Peliharan Sapi dan Bebek

Dari: Mikrajuddin

Saya sering nonton TV acara Si Bolang bersama anak-anak.
Saya ceritakan pada mereka, seperti itulah masa kanak-kanak bapaknya dulu.
"Nakal", tetapi "nakalnya" anak-anak. Nakal yang penuh keceriaan.
Buabaran sekolah kadang langsung cebur ke sungai bersama teman-teman, atau ke gunung cari buah-buahan.
Kadang menyusuri sungai-sungai yang masih jernih airnya untuk mancing mujair, udang, kepiting, dan ikan sungai lainnya (tidak tau bahasa Indonesianya. Kalau bahasa Bima namanya: karisa, kamboo, duna, kaiha, sanggilo, hehehe...).

Pulang sekolah juga cari rumput untuk makanan sapi. Dulu waktu SMP memelihara sapi hingga bisa untuk biaya haji orang tua.
Menjelang sore memberi makan bebek. Biasanya campuran daun talas dan dedak padi yang dimasak. Adalah puluhan bebek yang dipelihara di kandang. Tiap pagi tinggal ambil telurnya untuk makan pagi sekeluarga. Satu orang satu butir telur. Saat dulu, telur termasuk makan mewah.
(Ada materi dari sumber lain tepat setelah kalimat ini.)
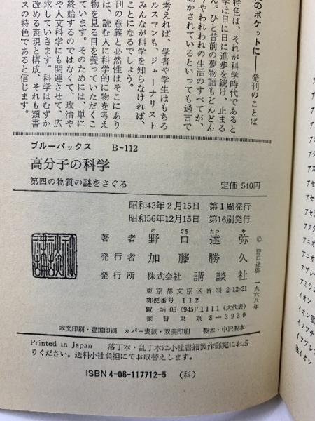 高分子の科学: 第四の物質の謎をさぐる (ブルーバックス 112) 講談社 野口 達彌
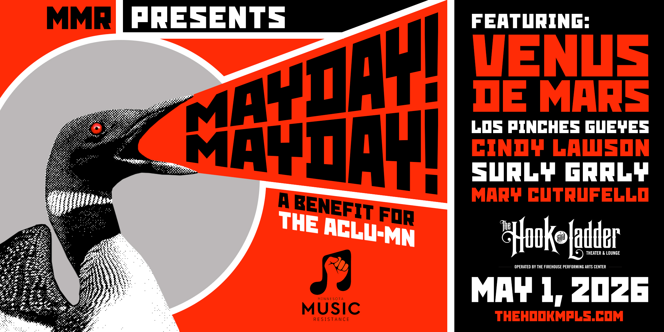 The Minnesota Music Resistance presents our second annual awareness and fundraising event supporting the ACLU-MN: Mayday! Mayday!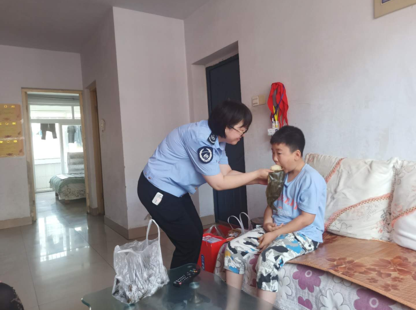 端午節(jié)當(dāng)天,七名“愛(ài)心媽媽”分別來(lái)到結(jié)對(duì)幫扶兒童的家中,為他們送去了愛(ài)心粽子、六個(gè)核桃等食品和圖書。“愛(ài)心媽媽”們?yōu)楹⒆觽儎凈兆映?,陪孩子們做游戲、聊天,并送上端午?jié)節(jié)日的問(wèn)候和祝福。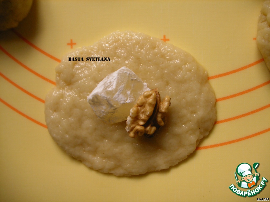 На каждую лепёшку положить четверть рахат-лукума и кусочек грецкого ореха.
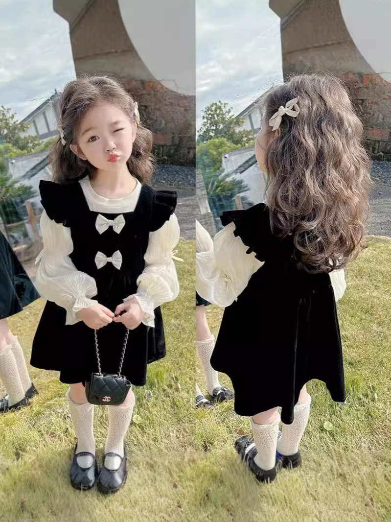 소녀 세트 가을 새로운 한국 버블 슬리브 티셔츠 공주 조끼 스커트 2 조각 어린이 헤어 세트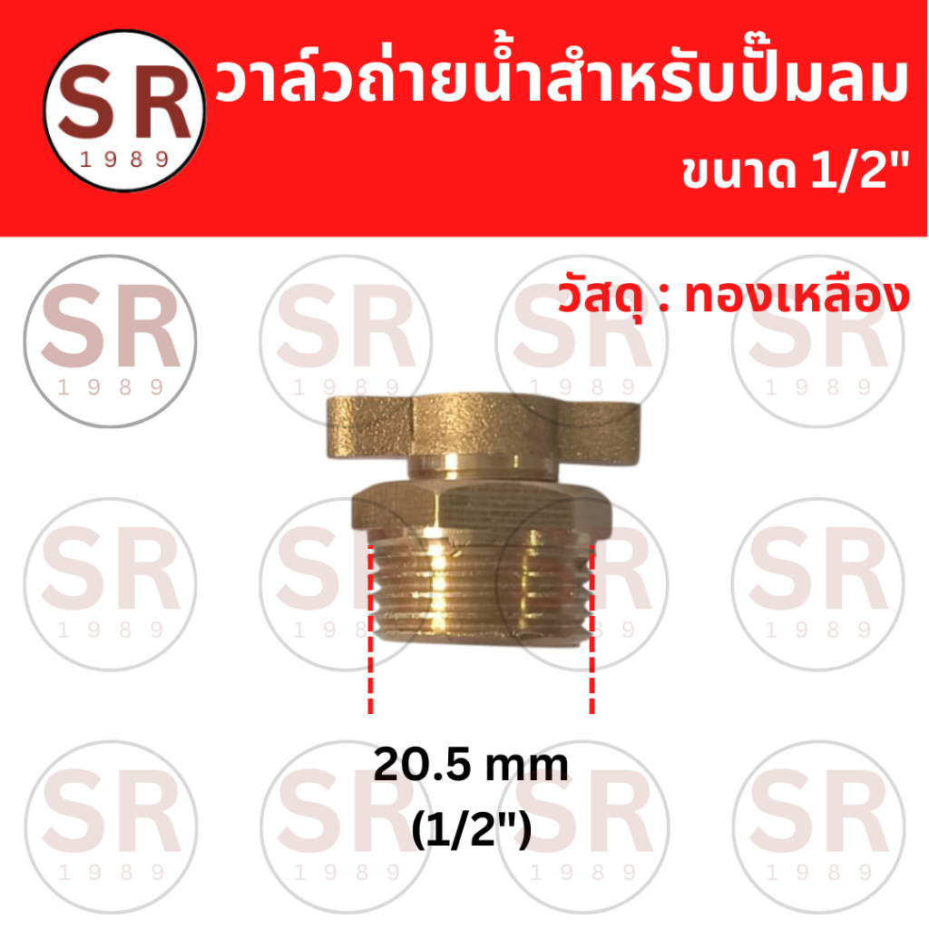 วาล์วถ่ายน้ำทองเหลือง สำหรับปั๊มลม ขนาด1/4", 3/8", 1/2"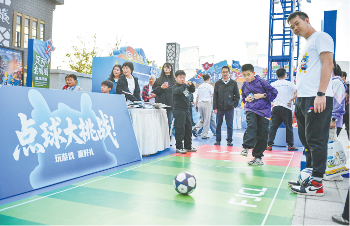 小球迷在闽潮市集参加“点球大挑战”。江信恒 摄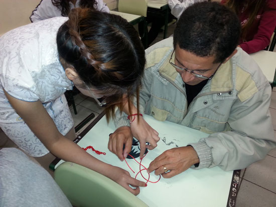 随后,汉语班的学生在操场中心布置了书法、象棋、剪纸和中国结四个方阵,将两年来学习的中华才艺亲自向同学们解释并手把手的教给他们,参加活动的师生对汉语班学生的展示表现出极大的兴趣。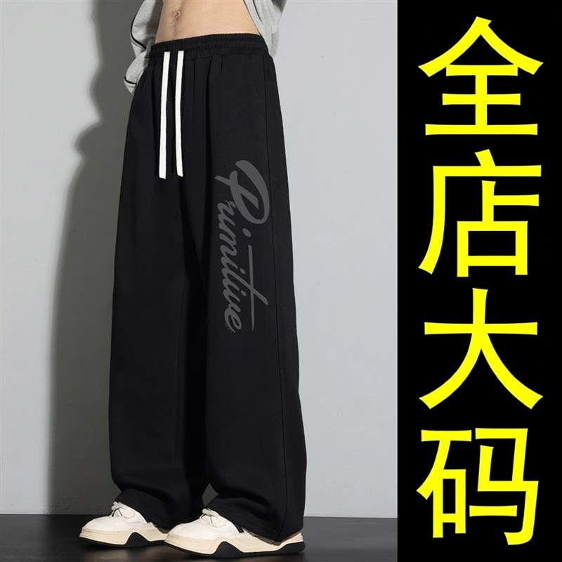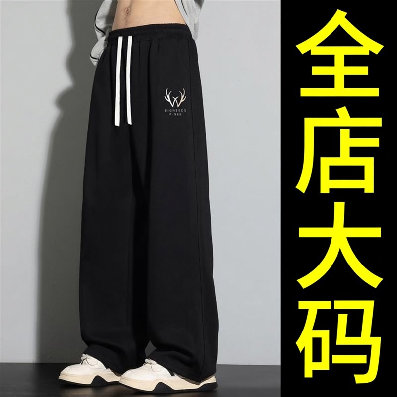 大码男士黑色垂感直筒裤春季宽松阔腿休闲长裤胖子加肥加大运动裤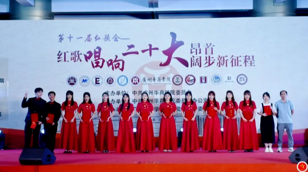 为深入学习宣传贯彻党的二十大精神,积极推进学习贯彻习近平新时代中国特色社会主义思想主题教育在校园内走深走实,热情讴歌党的丰功伟绩,抒发师生的爱党爱国情怀,2023年5月26日晚上19:00,我校于启智楼一楼举办广州华商学院“红歌唱响二十大,昂首阔步新征程”第十一届校园红歌会。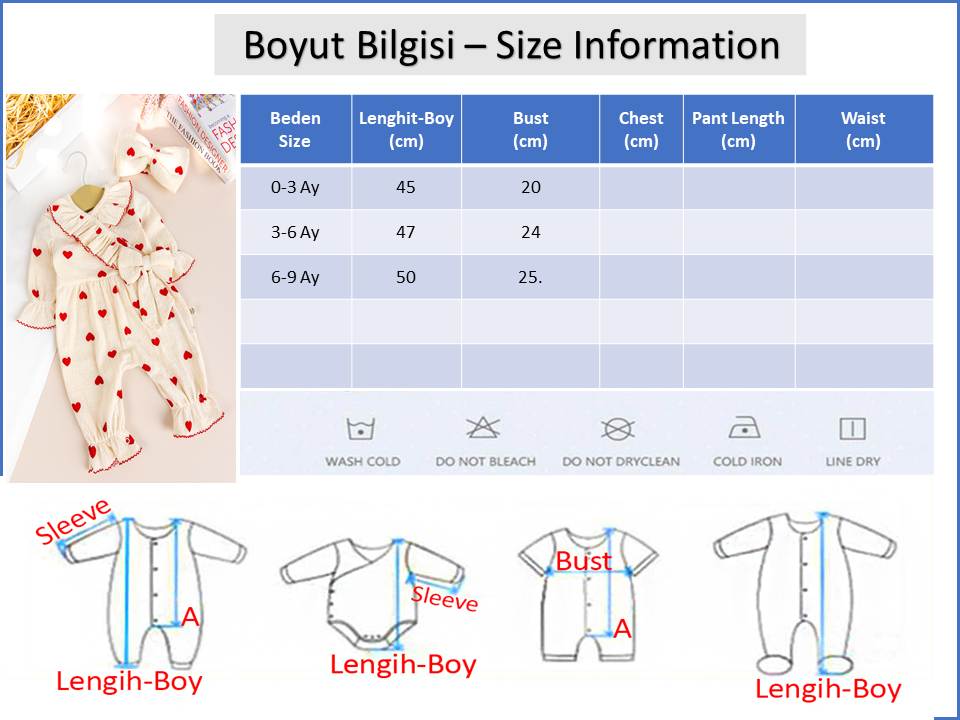 - Kız bebek tulum yumuşak dokulu esnek penye kumaştan üretilmiştir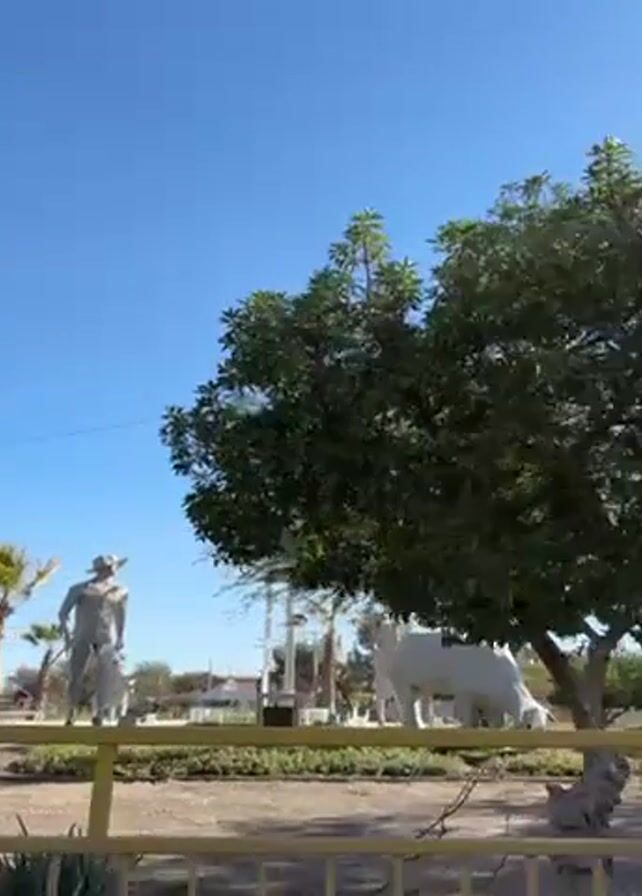 The video depicts a public park or open space on a bright, sunny day, with a clear blue sky overhead. The foreground features a yellow metal fence, partially obscuring the view of the park's interior. Visible within the park are several white statues, including one of a cowboy and another of a cow or bull. There is a large, green tree whose leaves fill a significant portion of the frame, partially obstructing the view of the statues. A tall lamppost stands near the tree. There are other, smaller trees and plants visible in the background. A black figure appears briefly walking behind the white cow.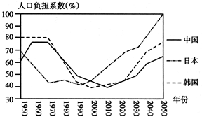 4、单选题 下图为中国、日本和韩国百年人口负担系数比较图[人口负担系数=(14岁及以下人口数+65岁及以上人口数)/(15——65岁人口数)× 100%,读图回答各题。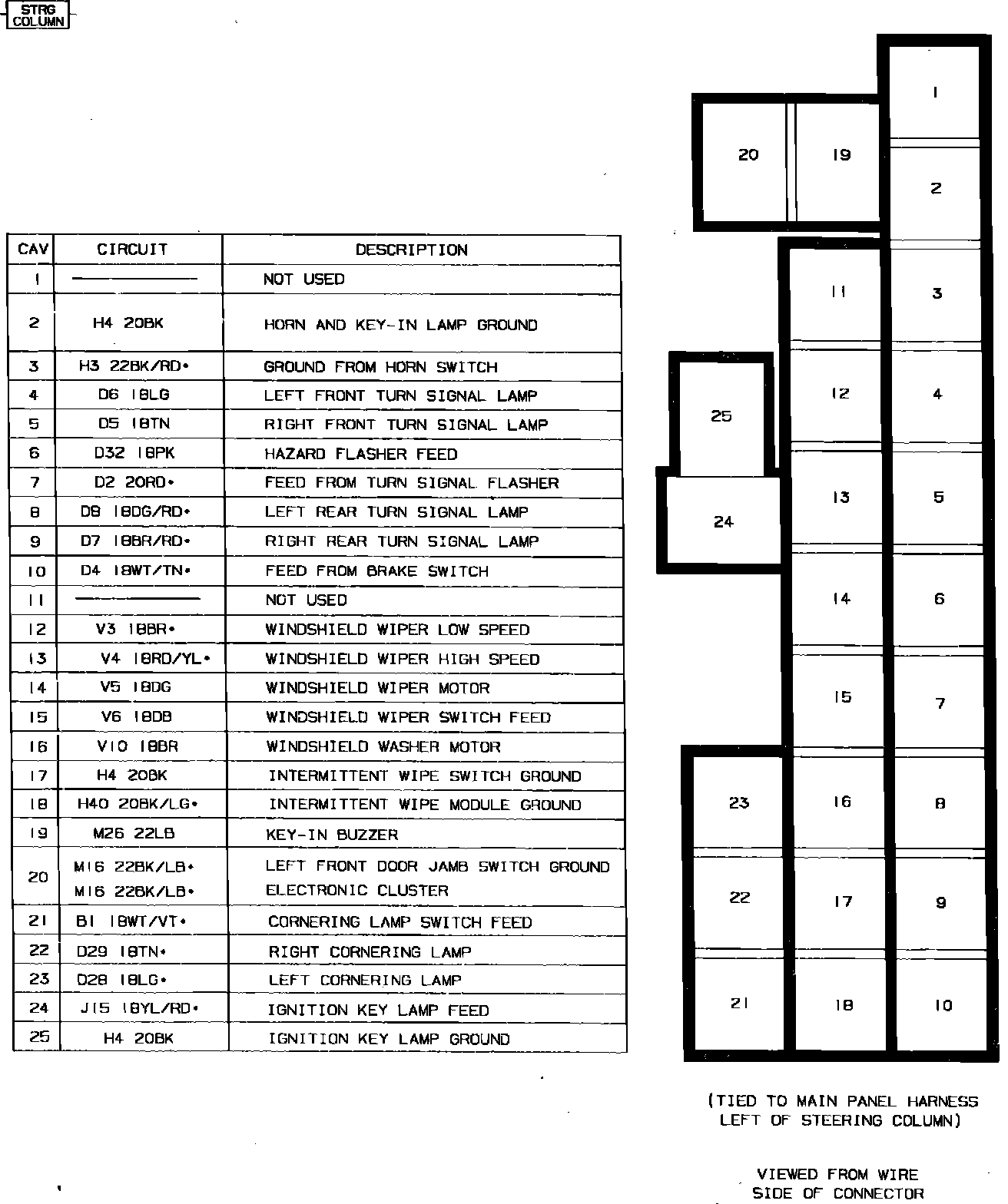Instrument Panel To Steering Column Connectors (Part 2 of 2):
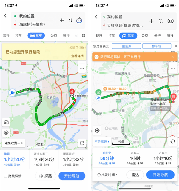 高德地图(左)和百度地图(右)对于限行即将结束时的路线规划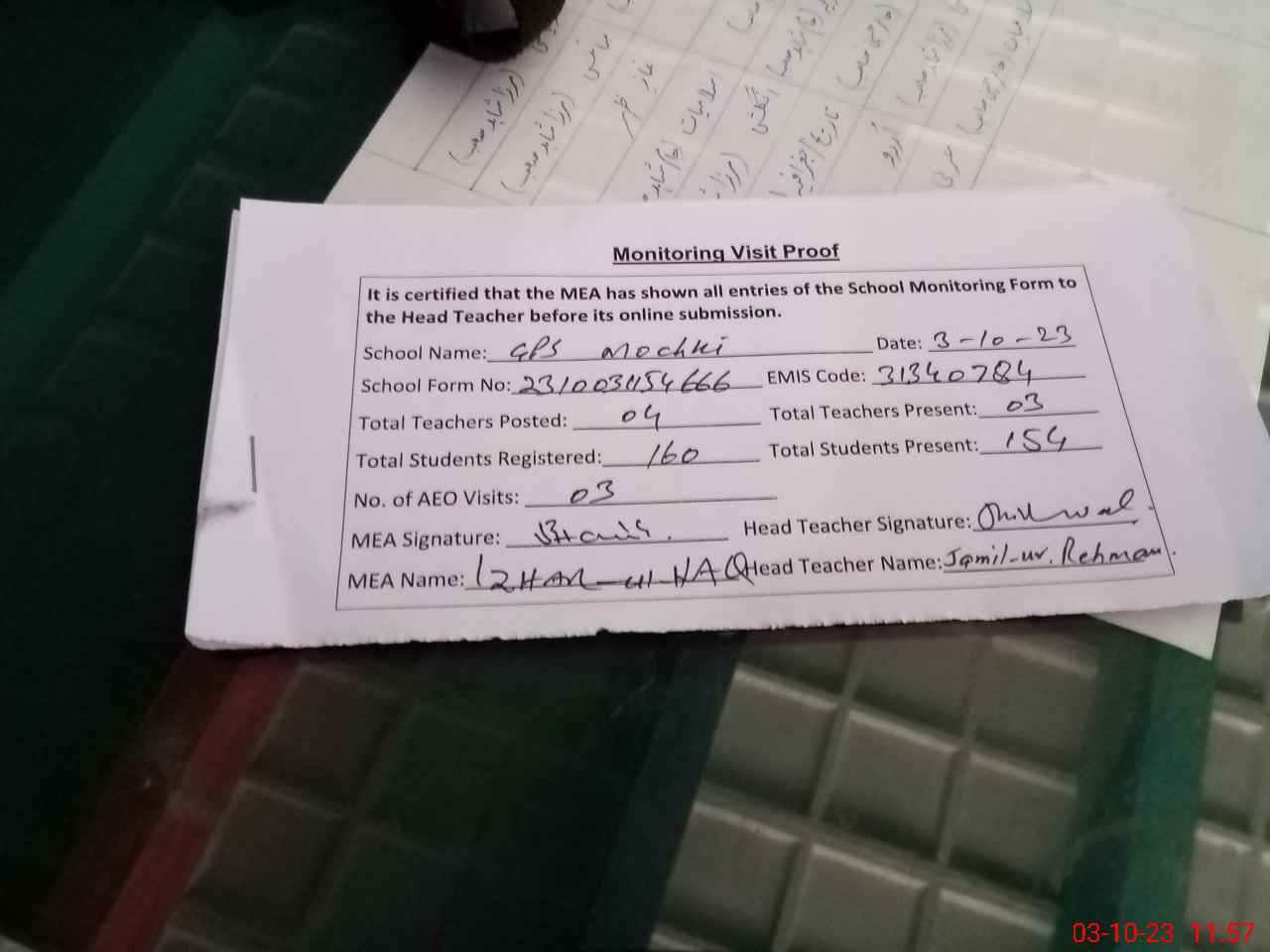 | EMIS Code: 31340784 | Name of School: GPS MOCHKI | |||

Menjelang panen, tidur di saung di sawah untuk menjaga padi.
Anak-anak saya merasa aneh, kok bapak kaya gitu masa kecilnya. Saya katakan pada mereka, itu semua adalah pengalaman yang sangat indah.

Tidak ada yang namanya bimbel, les, game, dan segala macam lainnya. Kalau ingin mainan, dibuat sendiri. Sekolah begitu menyenangkan, tanpa beban. Dan kadang tidak terpikir setelah besar mau jadi apa. Belum tau apa yang dinamakan cita-cita. Yang dilakukan adalah: pagi ke sekolah, siang pulang, sore kerja mengurus makanan sapi, bebek, dan kadang ambil kayu bakar di gunung dekat rumah.

Dan Alhamdulillah, sekarang "bisa jadi orang" juga.

Dan untuk anak-anak sekarang yang sibuk dengan bimbel, kursus, komputer, simpoa, dan lain-lain, mungkin setelah besar "tidak menjadi orang" tetapi menjadi "super orang" atau "superman" kali ya.